Все это, конечно, блага, но такие, которые сказываются последствиями высшего блага, а не его составными частями. Кто объединяет удовольствие и добродетель в союз, – и притом даже не равноправный, – тот вследствие непорочности одного блага парализует всю присущую другому благу силу и подавляет свободу, которая остается непреклонной лишь в том случае, если она составляет самое драгоценное сокровище. У него возникает потребность (а это и есть величайшее рабство) в милости судьбы. И вот начинается тревожная, подозрительная, суетливая, опасающаяся всяких случайностей жизнь, беспомощно бьющаяся в потоке явлений. Ты не обеспечиваешь добродетели прочного, незыблемого базиса, а основываешь ее на шаткой почве.
Действительно, что может быть так неустойчиво, как ожидание случайных обстоятельств и непостоянство организма и всех влияющих на него факторов? Разве человек может повиноваться Богу, спокойно относиться ко всем событиям, не роптать на судьбу и благодушно истолковывать превратности своей жизни, если он чувствителен к малейшему влиянию удовольствия и страдания? Но он не может быть также дельным защитником и спасителем своей родины и заступником друзей, если он падок на удовольствия. Так пусть же высшее благо поднимется на такую высоту, откуда никакая сила не могла бы его низвергнуть, куда не проникнет скорбь, надежда, страх и вообще все, что умаляет права высшего блага. Подняться туда может только добродетель; с ее помощью трудности подъема преодолимы.
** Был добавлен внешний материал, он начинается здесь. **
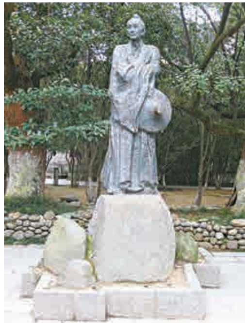
▲朱耷塑像，彷彿笑傲天下

以八大山人為核心，以傳統文化為主軸，以梅湖生態美景為紐帶的江南都市文化生態景區——梅湖景區，受曲水環繞，綠樹成蔭，面積約三千二百畝，由水墨丹青區、文化博覽區、水鄉風情區、歲寒三友區、農耕休閒區、梅村思賢區和綜合娛樂區七大功能區組成，內有景點七十餘處。八大山人梅湖景區於二〇〇七年八月十八日正式開工建設，二〇〇八年五月一日對外開放。有緣來到這裏，拍照時，小可對自己說：別的可以漏拍，八大山人塑像一定不能漏拍。在香港這個繁華地方住久了，覺得人心充滿了執拗，龐雜多面情緒，忽地滿眼遇到景物宜人的景區，而悠閒之間偏偏又蘊藏了非比尋常的文化，亦古亦今、亦動亦靜、亦柔亦剛，小可心情也為之波瀾起伏，對八大山人的愛慕和好奇心又增加了幾分！

Обладающий добродетелью человек будет твердо стоять на своем высоком посту и переносить все, что бы ни случилось, не только терпеливо, но и охотно, зная, что все случайные невзгоды в порядке вещей. Как доблестный воин переносит раны, исчисляет рубцы и, пронзенный стрелами, умирая, любит того полководца, за которого он жизнь положил, так и поборник добродетели будет помнить древнюю заповедь: «Повинуйся Богу». Если же кто-нибудь жалуется, плачет и стонет, то его принуждают силой к повиновению и, как бы он ни сопротивлялся, его влекут, чтобы он исполнил свой долг. А разве не безумие позволять себя влечь, а не следовать добровольно? Разве не такое же безрассудство и непонимание собственной участи обнаруживает тот, кто скорбит по случаю какого-нибудь несчастья, или удивляется, или возмущается испытаниями, выпадающими на долю как хорошим, так и дурным людям; я разумею болезни, смертные случаи, немощи и прочие превратности человеческой жизни. Мы должны с достоинством встречать все, что нам суждено претерпевать в силу всеобщей закономерности бытия: мы как бы обязались клятвой мириться с человеческой участью и не смущаться неизбежными для нас явлениями. Мы родились в монархическом государстве: в повиновении Богу и состоит наша свобода.